Loading methods¶

Methods are provided to list and load datasets and metrics.

Datasets¶

datasets.list_datasets(with_community_datasets=True, with_details=False)[source]¶

List all the datasets scripts available on HuggingFace AWS bucket.

Parameters
  • with_community_datasets (bool, optional, default True) – Include the community provided datasets.

  • with_details (bool, optional, default False) – Return the full details on the datasets instead of only the short name.

datasets.load_dataset(path: str, name: Optional[str] = None, data_dir: Optional[str] = None, data_files: Union[Dict, List] = None, split: Optional[Union[str, datasets.splits.Split]] = None, cache_dir: Optional[str] = None, features: Optional[datasets.features.Features] = None, download_config: Optional[datasets.utils.file_utils.DownloadConfig] = None, download_mode: Optional[datasets.utils.download_manager.GenerateMode] = None, ignore_verifications: bool = False, keep_in_memory: Optional[bool] = None, save_infos: bool = False, script_version: Optional[Union[str, datasets.utils.version.Version]] = None, use_auth_token: Optional[Union[bool, str]] = None, **config_kwargs) → Union[datasets.dataset_dict.DatasetDict, datasets.arrow_dataset.Dataset][source]¶

Load a dataset.

This method does the following under the hood:

  1. Download and import in the library the dataset loading script from path if it’s not already cached inside the library.

    Processing scripts are small python scripts that define the citation, info and format of the dataset, contain the URL to the original data files and the code to load examples from the original data files.
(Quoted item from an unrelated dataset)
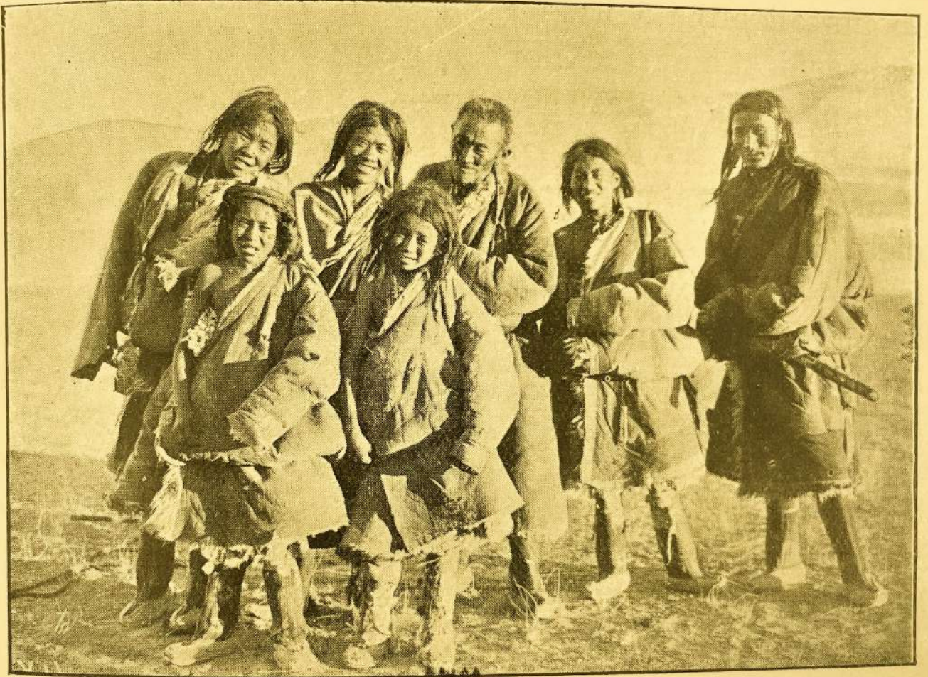
A Group of Tibetans.

    You can find some of the scripts here: https://github.com/huggingface/datasets/datasets and easily upload yours to share them using the CLI huggingface-cli. You can find the complete list of datasets in the Datasets Hub at https://huggingface.co/datasets

  2. Run the dataset loading script which will:

    • Download the dataset file from the original URL (see the script) if it’s not already downloaded and cached.

    • Process and cache the dataset in typed Arrow tables for caching.

      Arrow table are arbitrarily long, typed tables which can store nested objects and be mapped to numpy/pandas/python standard types. They can be directly access from drive, loaded in RAM or even streamed over the web.

  3. Return a dataset built from the requested splits in split (default: all).

Parameters
  • path (str) –

    Path to the dataset processing script with the dataset builder. Can be either:

    • a local path to processing script or the directory containing the script (if the script has the same name as the directory), e.g. './dataset/squad' or './dataset/squad/squad.py'.

    • a dataset identifier in the HuggingFace Datasets Hub (list all available datasets and ids with datasets.list_datasets()) e.g. 'squad', 'glue' or 'openai/webtext'.

  • name (str, optional) – Defining the name of the dataset configuration.

  • data_files (str, optional) – Defining the data_files of the dataset configuration.

  • data_dir (str, optional) – Defining the data_dir of the dataset configuration.

  • split (Split or str) – Which split of the data to load. If None, will return a dict with all splits (typically datasets.Split.TRAIN and datasets.Split.TEST). If given, will return a single Dataset. Splits can be combined and specified like in tensorflow-datasets.

  • cache_dir (str, optional) – Directory to read/write data. Defaults to “~/datasets”.

  • features (Features, optional) – Set the features type to use for this dataset.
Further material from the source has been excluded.